We paid the bill and walked out into the cooling night. We got into the car and I rolled down my window and looked up at the stars. He began to talk. “So that’s Cal Sheffield’s daughter. God, she’s ten feet tall. I guess the Hughes boy is Burdette Hughes’s son. They’re rich as Croesus but that whole family’s looney. They send them up North to school. I used to wish they’d send me to a prep school. Now I’m glad they didn’t. It’s better to stay in the state and get to know everybody. Well, the night was okay, wasn’t it? I think you passed muster. You looked great in that suit.”
“She isn’t ten feet tall.

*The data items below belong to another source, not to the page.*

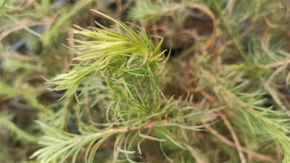 Хвоя короткая, светло-зеленая, длиной 2-3 см.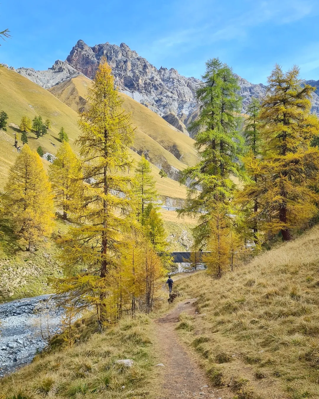 You can ride Bus 7 to S chanf, Parc Naziunal, the bus stop at the start of the trail. This bus typically runs from early June to the third week of October. Your exact connection depends on your starting point. From St Moritz, it takes about 40 mins.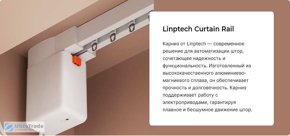 Карниз совместим с электроприводами Xiaomi Linptech моделей C5DB и CE1DB, которые поддерживают управление через MiHome благодаря Bluetooth Mesh 2.0, обеспечивают плавный ход штор со скоростью от 4 до 14 см/с (C5DB) или от 1 до 14 см/с (CE1DB).

She’s just tall.”
“What did you say?”
“Nothing. It doesn’t matter.” We drove along in silence. I felt bad. Everything was going wrong. The night had gone downhill. I could have stayed with Spooky and ordered sandwiches from the Sandwich Wagon. I could be lying in my bed reading a book or listening to “Moonglow with Martin.” Nothing was going right. My whole life was a flop.
“Yeah, I think the night was a success.” He turned from the highway onto a dirt road.
“Where are you going? Turn the radio on, will you? Can you get New Orleans? There’s a station I like to listen to.”
He stopped the car beside a pasture. He turned to me. “Come here,” he said. “Come over here to me.”
“I wish you’d turn the radio on. What time is it anyway, Stanley? I have to be back by twelve, you know that.”